An example of both glittering generalities AND transfer from an old 50’s film reel is the phrase “A Real American” being applied to a politician in a campaign… It’s a glittering generality because it’s no less true in fact than his opponent… and it’s transfer because they are trying to exploit your patriotism to increase your favoritism of the candidate.
Testimonial – We all know what testimonials are. Endorsements, typically from someone important, easily recognized, or that engenders a natural trust… – The latter of those plays into the next one too:
Plain Folks – laid back attitude, dressing like the target audience, talking like the target audience, pretending to care about their concerns… You see Testimonials and Plain folks tag team a LOT… And when done en-masse you get:
Bandwagon – I’m doing it, she’s doing it… don’t you wanna be a pepper too? This one plays to the lemming in the majority of people – as it turns out mom was right, if your buddies went and jumped off a cliff… most people it turns out would go do it as well.
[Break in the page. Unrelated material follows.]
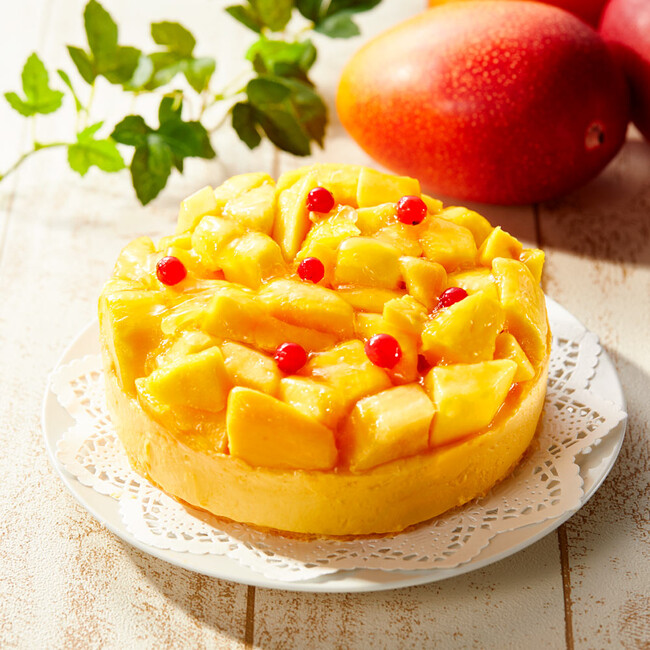今回は、旬のマンゴーをふんだんに使い、暑い夏にもおうちで楽しめるスイーツをご用意しました。濃厚な味わいの「アルフォンソマンゴー」と、豊かな香りと甘みが特徴の「アップルマンゴー」の2種の美味しさを楽しめるマンゴー尽くしのオリジナルケーキです。太陽の恵みをいっぱい浴びた完熟フルーツの味わいを是非ご賞味ください。

Card Stacking – the most insidious and often the hardest to recognize… Because when done properly it reads like a completely unbreakable convincing argument as it presents nothing but facts that support the viewpoint being pushed. That’s easy… Problem is it omits anything that disagrees. Religion prior to the enlightenment was the MASTER of this – actively stamping out anything that disagreed with their agenda. Many people don’t realize that things like book burnings are EXACTLY this type of mind control… but so are things like people saying “there’s less IE users today because it’s share dropped to 48%”. Percentages are an all-time GREAT at pulling this off as the majority of people lack the brain cells to rub together and say “wait, a percentage of what?” – Polling agencies pull this all the time; you want to make a liberalist agenda look popular in a poll, go ask a thousand people on the lower east side of New York City… you want to flip the result around, do it on Manhattan island near the east river. Some polling agencies will even poll 10,000 people, and then reject 9,000 of those as “invalid” keeping the thousand who make their viewpoint stick. “of 1,000 people polled”…
Some of these aren’t easy to do, others are too easy and can lose effectiveness if overdone… but if you can master them, you can effectively shove two fingers up your users nose and drag them wherever you want.
As true masters of it like Joseph Goebbels, Martin Luther King, Ghandi, JFK, Sergei Eisenstein, and countless religious leaders ranging from Pope’s to Cultists have proven time and time again. You master these, and it’s a hop skip and a jump away from being able to convince people that if they dress in purple robes and drink the cyanide laced yogurt, the aliens from behind Haley’s comet will come down and take you to Starbase Koloth.
At which point getting them to visit a website regularly is a piece of cake.